I was surprised to learn that not only is it common to grow Schefflera in lava rocks (often pumice), but that they are also a popular gift and souvenir from Hawaii! What better way to commemorate a trip to a big tropical volcanic island than by bringing home a tropically planted volcanic rock?
The reason I chose to plant the rock with a Schefflera as opposed to succulents, was that I really like the aerial roots that tend to form on Scheffleras, creating a multi-trunked and magical looking specimen. If you've ever seen a banyan tree, you know what I'm talking about. When my sister-in-law came over, I called it 'Little Middle Earth.' The joke fell flat, but the description fits.
|A Selaginella cutting was rooted several weeks ago and is happily creeping along the cliff face.|
Planting and caring for this miniature mountaintop is easy.
1-2 Lava rocks (available at pet stores)
1 Small tree (Could be a rooted cutting, sapling or ready-made bonsai)
1 Small companion plant (Optional)
Bonsai soil (Premixed soil, clay gravel, perlite or crushed lava rock)
1. Choose a suitable tree to 'bonsai'. It could have already begun training, or it could be a cutting, sapling or division from another plant. Keep in mind that if your specimen is to be grown indoors, you must choose an indoor plant. Suitable choices for a jungle look include money tree (Pachira aquatica), Ficus spp. or Schefflera arboricola, but if if it's a desert scene you're after, try Desert Rose (Adenium spp.), jade plant or any caudex forming plants.

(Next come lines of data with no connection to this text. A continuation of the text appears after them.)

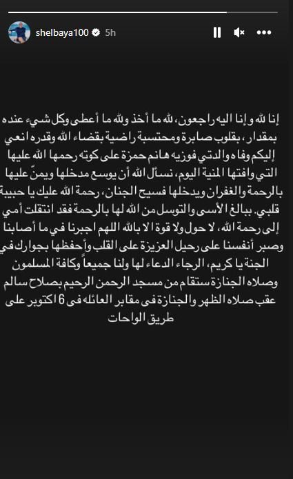 وكتبت أمينة شلباية: “نسأل الله أن يوسع مدخلها ويمنّ عليها بالرحمة والغفران ويدخلها فسيح الجنان، رحمة الله عليك يا حبيبة قلبي، ببالغ الأسى والتوسل من الله لها بالرحمة فقد انتقلت أمي إلى رحمة الله، لا حول ولا قوة الا بالله اللهم أجرنا في ما أصابنا وصبر أنفسنا على رحيل العزيزة على القلب”.
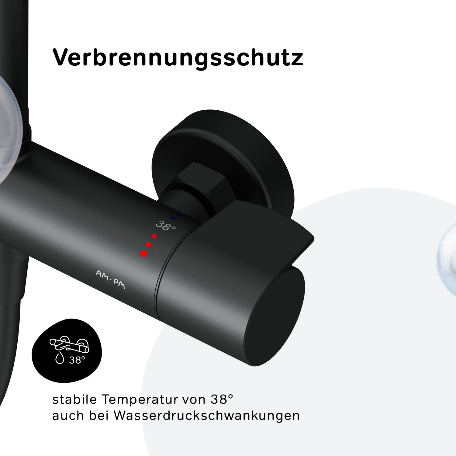Le système de douche AM.PM X-Joy en noir mat redéfinit l'élégance et la fonctionnalité dans la salle de bain. Ce système de douche avec thermostat de douche innovant offre non seulement un point culminant esthétique en noir mat, mais aussi un contrôle précis de la température pour une expérience de douche confortable.
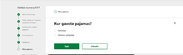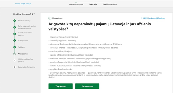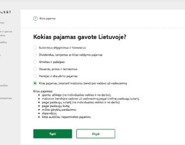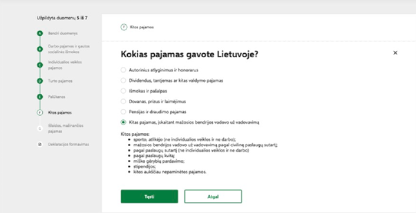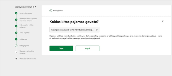 7. Kitame žingsnyje rinkitės „Kitas pajamas įskaitant mažosios bendri...“ ir spauskite „Tęsti“:
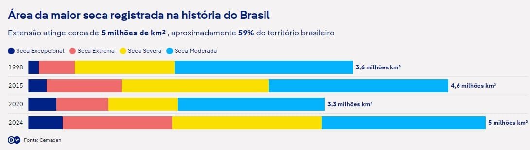 Depois teve a seca de 2015 e 2016, que foi muito extensiva e afetou grande parte do Centro-Norte do país. Agora, na seca que teve início em 2023 e continua até hoje, é a primeira vez que vemos essa condição de Norte a Sudeste do país“, avaliou a pesquisadora do Cemaden. (Texto da DW)
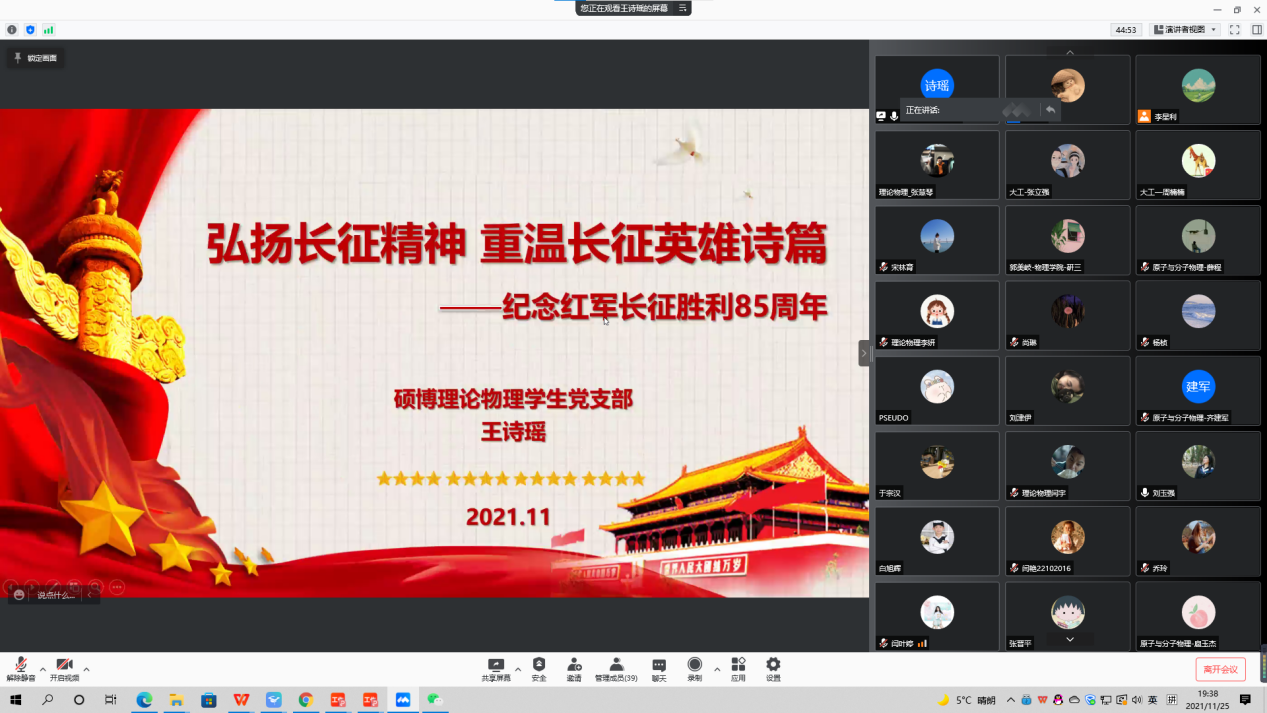 为深入学习贯彻党的十九届六中全会精神,深刻把握伟大长征精神的丰富内涵,进一步提高党员党性修养,不断坚定理想信念,传承红色基因,坚守初心使命。2021年11月25日,硕博理论物理学生党支部、硕博原子与分子学生党支部以腾讯会议的形式联合开展主题党日活动,努力做到共学共享,不断汲取奋进的精神力量。本次学习成员包括党员、发展对象、积极分子和部分群众共40名,会议由硕博理论物理学生党支部书记刘玉强同志主持。
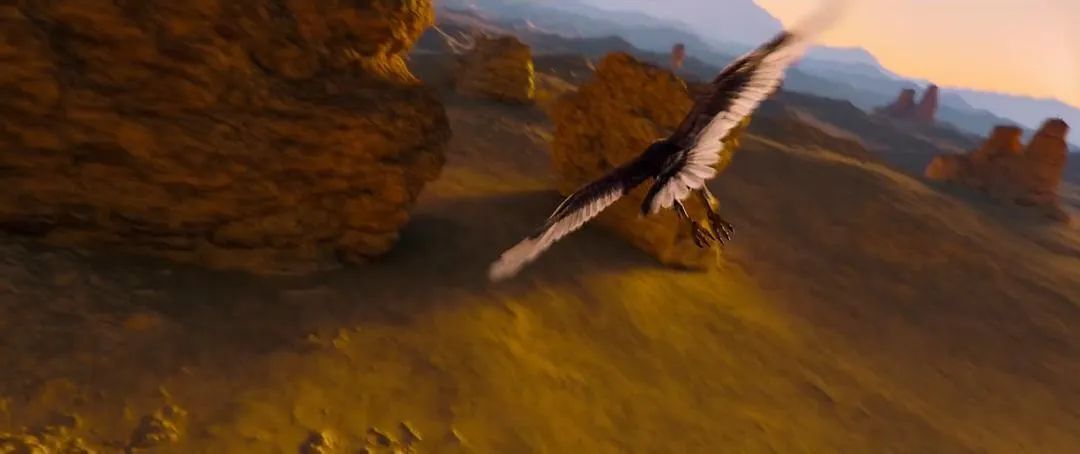 第二是用原創的技術精準表達細節。比如,為呈現老鷹從鳳凰城飛到清遠村的開篇鏡頭,MORE VFX自行開發了羽毛系統,逼真地制作出老鷹穿云駕霧、展翅翱翔的畫面。又比如,為呈現“競技場”的逼真感,拍攝了大量純CG和與實拍結合的鏡頭,運用特效破碎、坍塌、群集等元素的渲染,體現燒毀炭化后的效果。
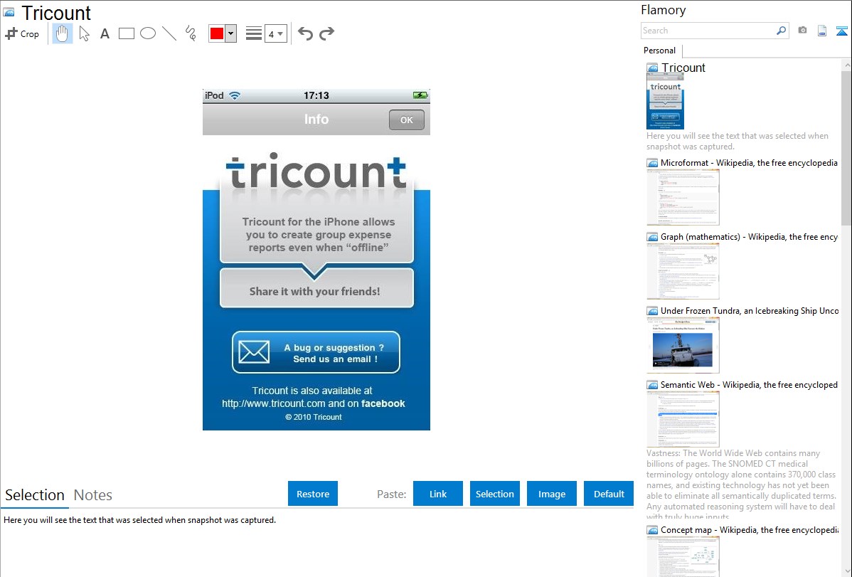 Flamory helps you capture and store screenshots from Tricount by pressing a single hotkey. It will be saved to a history, so you can continue doing your tasks without interruptions. Later, you can edit the screenshot: crop, resize, add labels and highlights. After that, you can paste the screenshot into any other document or e-mail message.
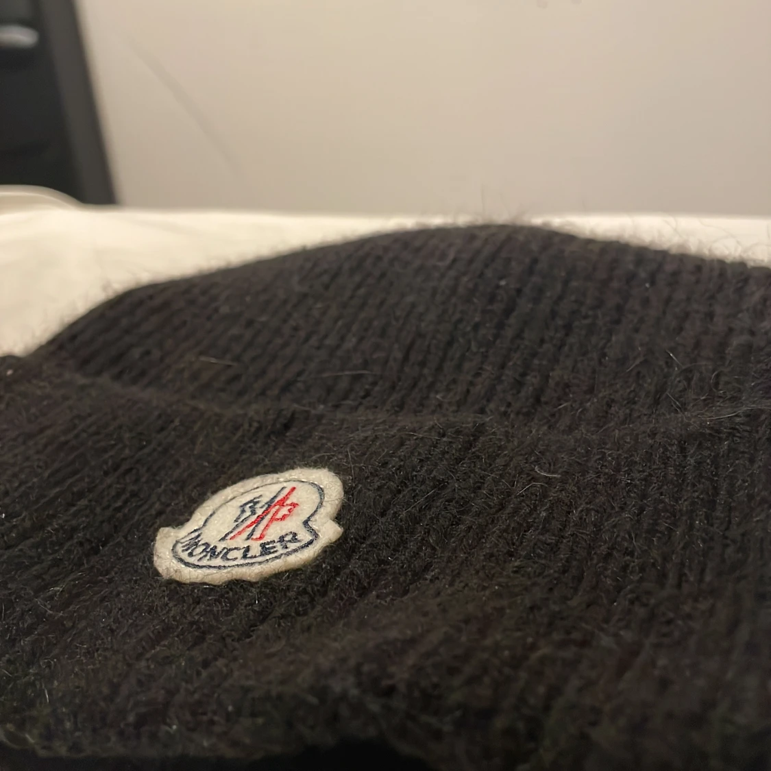 Snygg svart stickad mössa från Moncler med broderad logotyp framtill. Perfekt för att hålla värmen under kyliga dagar. Klassisk design som passar till det mesta.
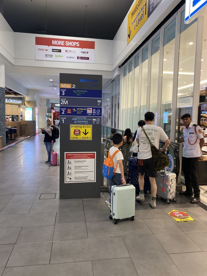 在中央车站「KL Sentral」机场快线要去二楼,而要坐机场大巴的话,则要在靠近出口的地方往下走一层到地下一层。
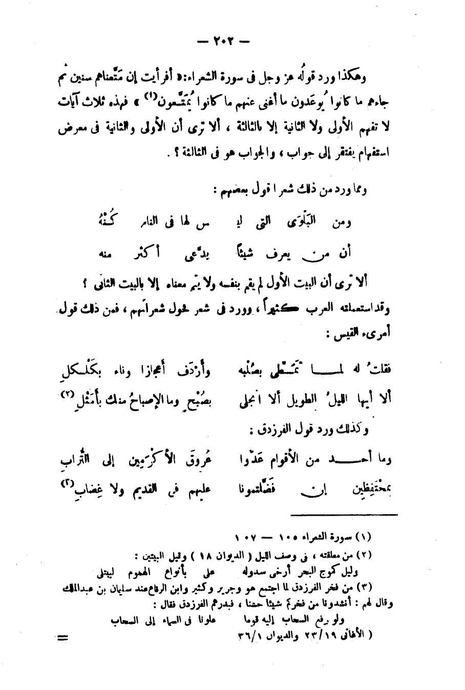 وهكذا ورد قوله عز وجل في سورة الشعراء: {أَفَرَأَيْتَ إِنْ مَتَّعْنَاهُمْ سِنِينَ، ثُمَّ جَاءَهُمْ مَا كَانُوا يُوعَدُونَ، مَا أَغْنَى عَنْهُمْ مَا كَانُوا يُمَتَّعُونَ} 1 فهذه ثلاث آيات لا تفهم الأولى ولا الثانية إلا بالثالثة، ألا ترى أن الأولى والثانية في معرض استفهام يفتقر إلى جواب، والجواب هو في الثالثة؟.
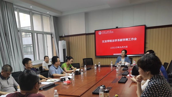 9月6日,法学系在文理楼306召开新学期教学工作会暨线上教学研讨会,王学栋院长、姚成郡书记及法学系全体教师参加了会议。姚书记指出全体教师要以融入并贡献集体为目标准确定位,发扬敬业奉献的风尚,坚守求是守正的风格,形成进取图强的风貌,保持高尚典雅的风致。法学系主任孙增芹老师对新学期常规工作、学科升级、学科评估、人才引进、课程思政建设、民法典宣讲等工作进行了详细部署。之后全体教师对上学期线上教学工作进行讨论和总结,分享线上教学经验,交流心得。最后王学栋院长针对法学系面临的机遇和挑战,希望法学系全体教师主动作为,服务学校,积极融入,争取资源,聚集重点,体现特色,敬业奉献,和谐发展。
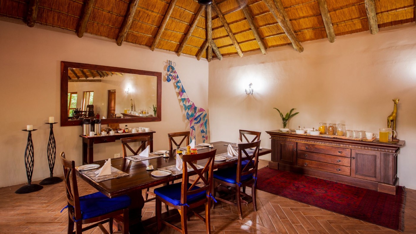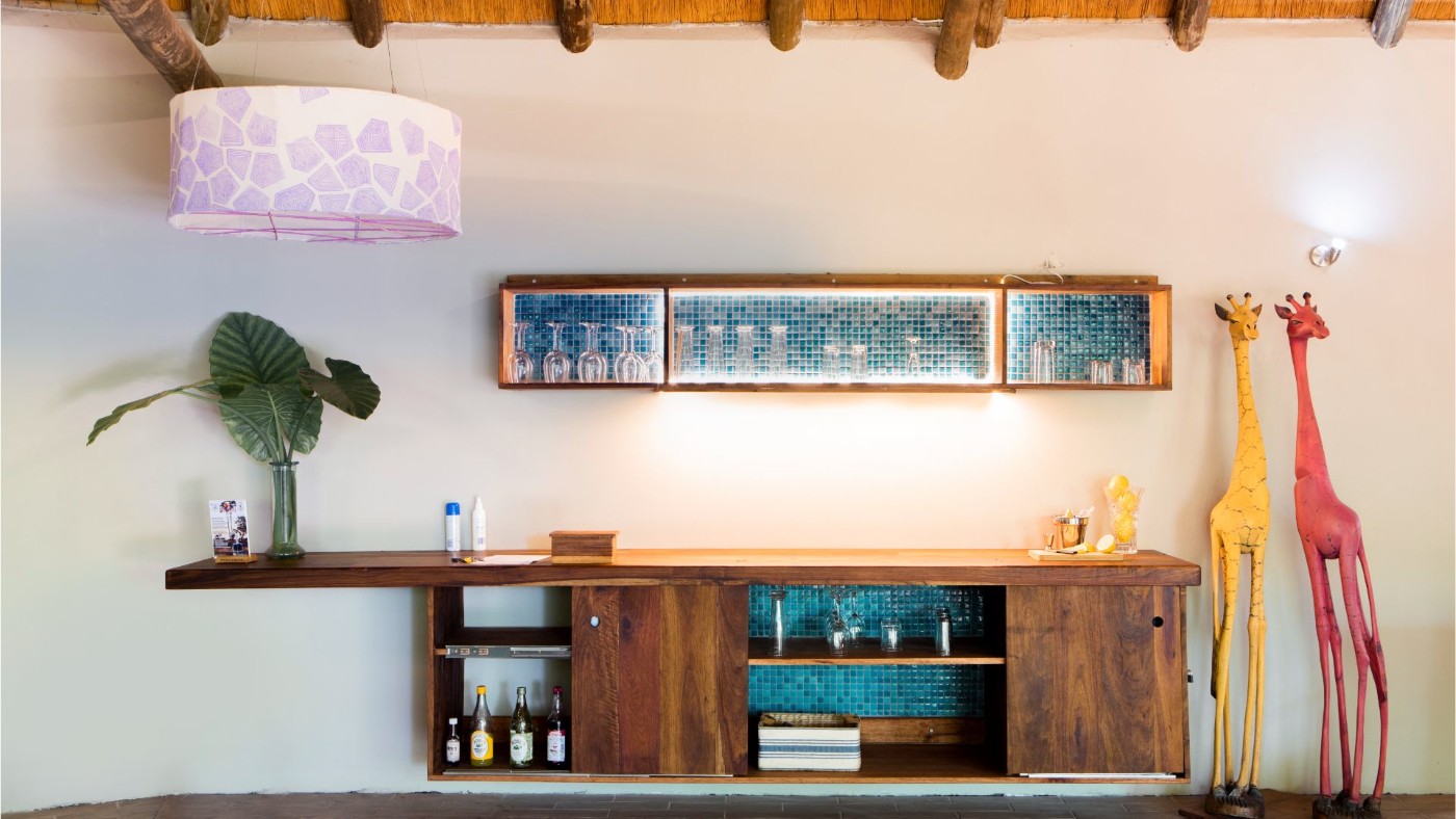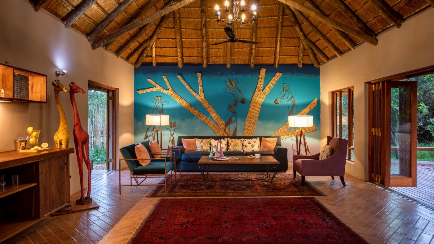 The spacious, thatched guest area is the heart of Thamo Telele. Large doors open onto a wide-angle teak deck shaded by Motsentsela trees, under which guests exchange stories, meals and drinks. Inside, you’ll find plush leather furnishings from which to enjoy a drink from the bar. Explore the large selection books on the nation’s explorers and history.
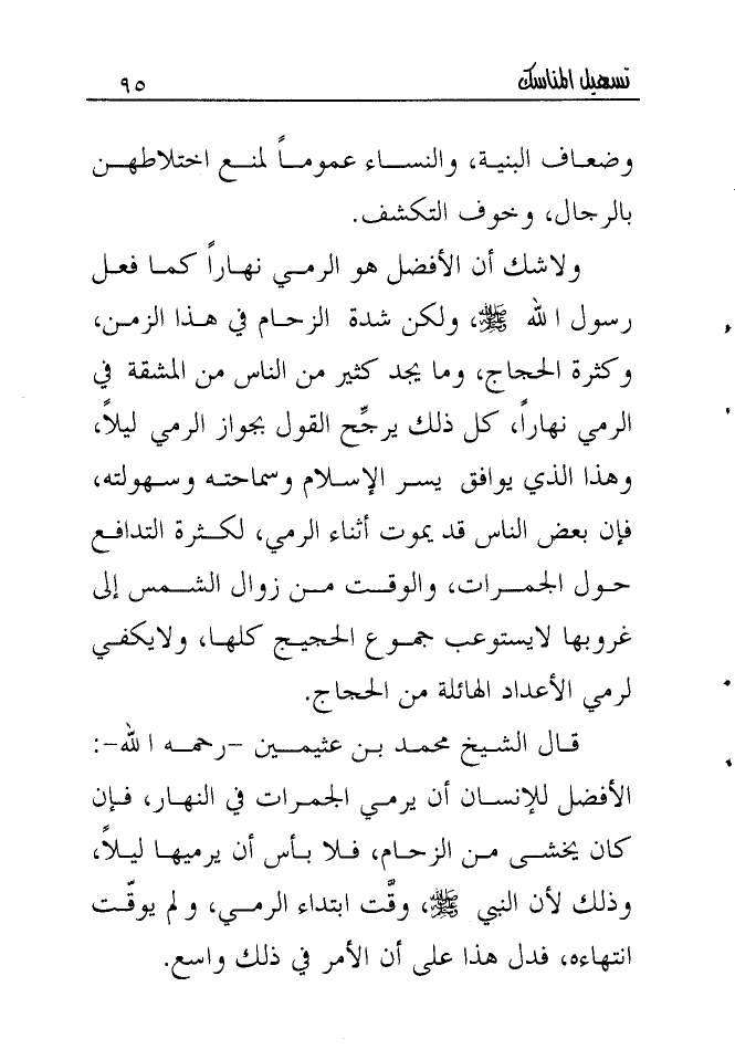 ولاشك أن الأفضل هو الرمي نهاراً كما فعل رسول الله صلى الله عليه وسلم، ولكن شدة الزحام في هذا الزمن، وكثرة الحجاج، وما يجد كثير من الناس من المشقة في الرمي نهاراً، كل ذلك يرجح القول بجواز الرمي ليلا، وهذا الذي يوافق يسر الإسلام وسماحته وسهولته، فإن بعض الناس قد يموت أثناء الرمي، لكثرة التدافع حول الجمرات، والوقت من زوال الشمس إلى غروبها لا يستوعب جموع الحجيج كلها، ولا يكفى لرمي الأعداد الهائلة من الحجاج.
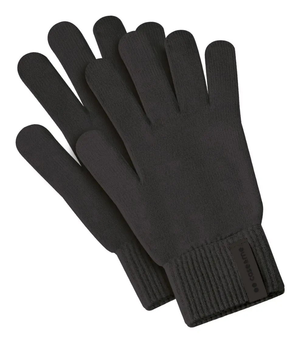 I guanti touch non sono solo funzionali, ma anche alla moda. L'etichetta con la scritta "case&me" e la finitura elastica a strisce sul polso
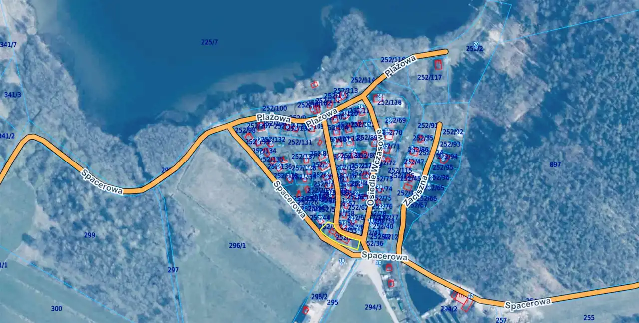 - Działka częściowo zagospodarowana, lekko nachylona, prostokąt
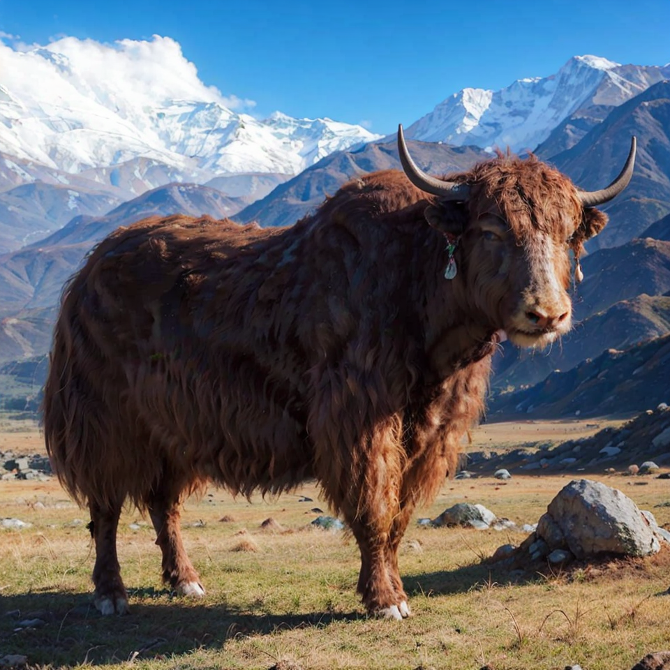 no_humans, brown yak, horns, outdoors, solo, animal, rock, grass, cloud, snow mountain, best quality, 8k, masterpiece <lora:yak_v1:0.75>
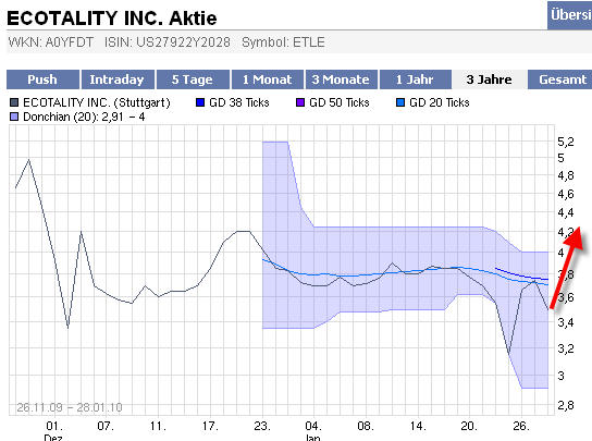 Nach den heutigen News könnte Ecotality wieder über 3,4 € kommen. Dann wäre zumindest kurzfristig der Abwärtstrend gestoppt und wenn es sich über 3,4 € halten kann, würde sich der Trend nach oben weiter fortsetzen. Das kurzfrisitge unterschreiten der Widerstandslinie bei 3,4 € wäre dann als Bärenfalle zu sehen.

2. Prepare your planting hole. If your rock doesn't already have a hole or crevice, you can easily carve your own with a file or a drill. Be sure to save the resulting debris so that you can use it as a decorative soil or mulch! Gently remove the plant from its pot and rinse away any unsuitable soil from the roots.
3. Place the tree. Hold the plant in the hole at the level it will be grown, and start slowly adding soil to the hole, using your fingers to pack it in loosely. If there is a crevice along the side of the rock, be sure to drape one of the plant's roots over the edge and pack it tightly with sphagnum moss so that roots will eventually cling to the edge in a picturesque way.
4. Add any 'companion' plants. On a whim, I added a couple of Selaginella cuttings which quickly began rooting along the side of the rock, clinging to the edge. My rock already had moss, but you can easily add your own over time. I added an extra planted rock with a dwarf mondo grass and Rhipsalis seedlings to complete the illusion of a miniature world.
5. Place in a saucer. It could be empty or lined with decorative gravel, but be sure to choose one that complements your arrangement. I've been using a square one that looks horrible, but will soon upgrade to an elongated oval or rectangle.
Watering is simple, really. Just keep the rock moist, but not soggy. You could achieve this filling the saucer a bit at a time and letting the rock soak it all in, but the safest and most attractive method is to keep it on a tray filled with gravel and remove the rock when it's time to water. That way you never have to worry about overwatering!
Fertilize lightly with time release granules so that the nutrients don't drain out all at once while watering. Prune as needed to create the look that most appeals to you. I actually removed all of the leaves from my bonsai a few months back which has resulted in smaller, more compact growth.